Tenho lido e ouvido as mais variadas coisas sobre a suposta guerra de gerações que circula por ai, nas redes sociais, nos jornais e nas mesas de café.
Tenho engolido em seco algumas afirmações da velha guarda, mas também me tenho envergonhado com algumas posições da “geração à Rasca”. Parece-me que o desespero tolda o bom senso e de ambas as partes têm surgido excessos.
Posso até perceber a revolta perante palavras como as que surgiram no Destak, mas também respeito, e muito, a liberdade de expressão porque os nossos pais lutaram há três décadas atrás.
Aceito que há quem não viva no mundo real e por isso faça leituras desfasadas daquilo que se passa bem debaixo do seu nariz.
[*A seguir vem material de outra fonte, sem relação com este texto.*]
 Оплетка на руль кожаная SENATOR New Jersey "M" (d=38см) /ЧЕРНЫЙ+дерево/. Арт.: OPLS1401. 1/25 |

Acredito até, que no fundo, esse é o problema mais profundo da nossa sociedade. Sempre fomos geridos e guiados por pessoas que cresceram, estudaram e que continuam a viver num outro Portugal. Num Portugal ainda feito de feudos, de nomes de família, de motorista para os ir buscar à escola e de uma total ignorância perante o que se passa para além dos bairros cosmopolitas e tão primeiro mundo de Lisboa. Temos elites pobres de espírito, iletrados sobre o mundo que os rodeia.
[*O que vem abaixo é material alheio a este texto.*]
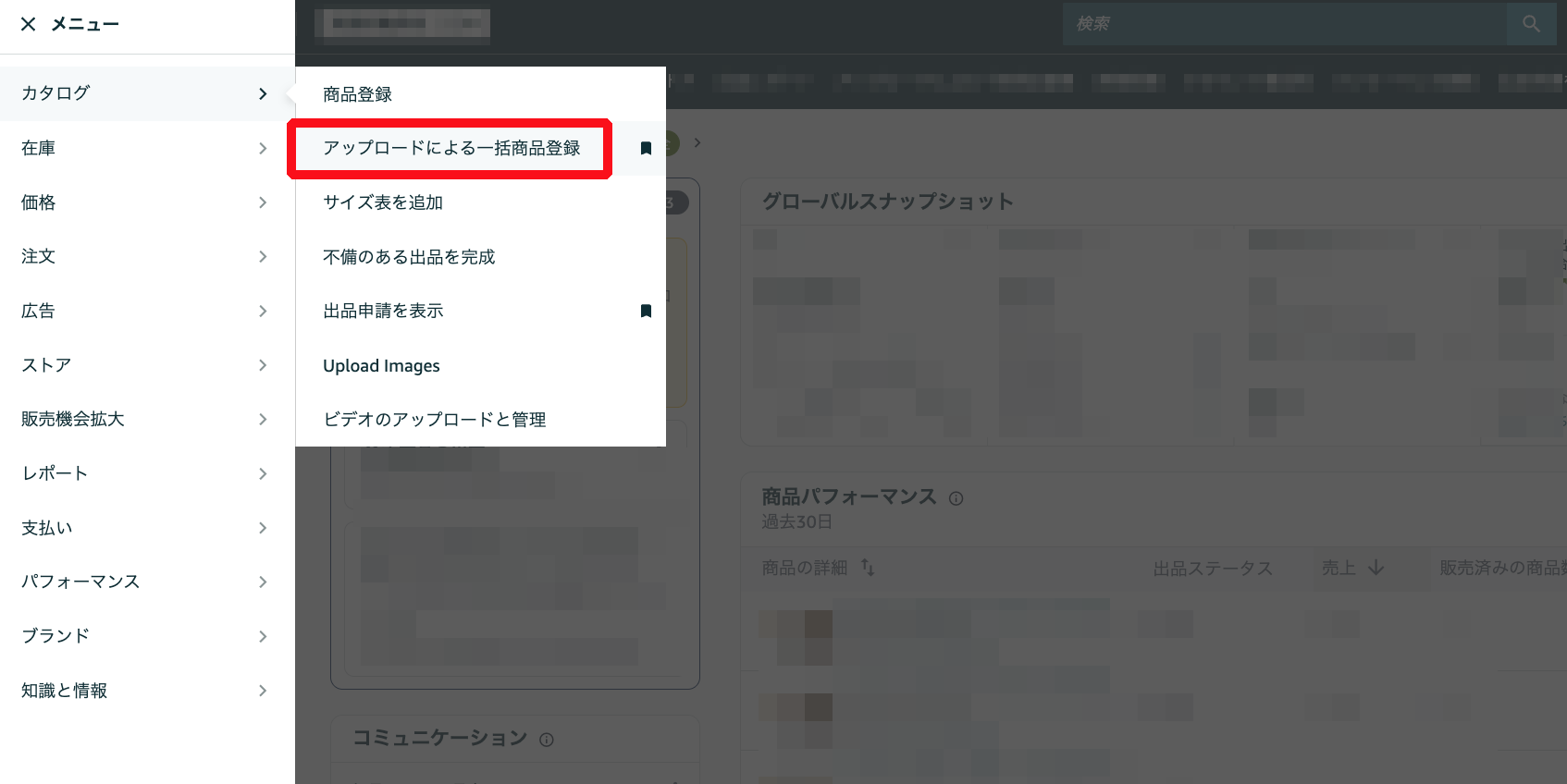 1)左上メニュー>カタログ>アップロードによる一括商品登録を押下。

Temos elites que não conhecem Portugal.
Que não sabem como se vive no interior ou nos bairros periféricos de Lisboa. Que não conhecem um Portugal de terras produtivas mas abandonadas ou das cidades pequenas e acolhedoras sem moradores. Que não sabem o que é morrer numa ambulância porque fecharam o hospital…
E conhecem menos ainda um Portugal com jovens que querem trabalhar, mas que o querem fazer fora dos grandes centros urbanos. E que nem estão à espera que alguém lhes dê emprego, criam coisas. Mas que se vêem a braços com uma carga fiscal impossível de aguentar, que têm de pagar IVA de facturas não recebidas e que imploram ao telefone para que as entidades lhes paguem serviços realizados há meses…no ano passado.
Compreendo as controvérsias dos recibos-verdes, do trabalho precário e da ilusão a que muitos de nós fomos induzidos ao terminar o ensino superior, ilusão que nos foi incutida pelos nossos pais, pelas escolas e pela sociedade em geral. E sei que não basta uma licenciatura para se saber fazer ou para merecer um lugar ao sol.
Mas não me venham falar de empreendedorismo, esse novo conceito que inventaram para culpabilizar todos aqueles que não encontraram uma saída no mercado de trabalho. Temos de ser empreendedores. Temos de ser pró-activos. Temos de procurar, oferecer, trabalhar por menos, quem sabe - e muitos de nós estamos nessa situação - pagar para trabalhar.
Porque meus senhores, eu pago para trabalhar. Pago a segurança social, mesmo que ninguém tenha tido a decência de pagar a ultima factura enviada.
Pago o IVA dessa factura. E se não o fizer no dia estipulado pago uma multa em cima.
Pago a luz, a Internet e a renda de um escritório, mesmo que não consiga encontrar trabalho para fazer.
Pago todos os dias o peso de ter sido empreendedora com os sonhos adiados, com a dependência dos pais, e com a frustração de não conseguir mais nem melhor, de falhar a cada dia que passa o objectivo de ser autónoma e financeiramente independente.
Algo está errado neste país. Não me venham dizer que é a Geração à Rasca que é mimada e não quer um trabalho mas sim um emprego…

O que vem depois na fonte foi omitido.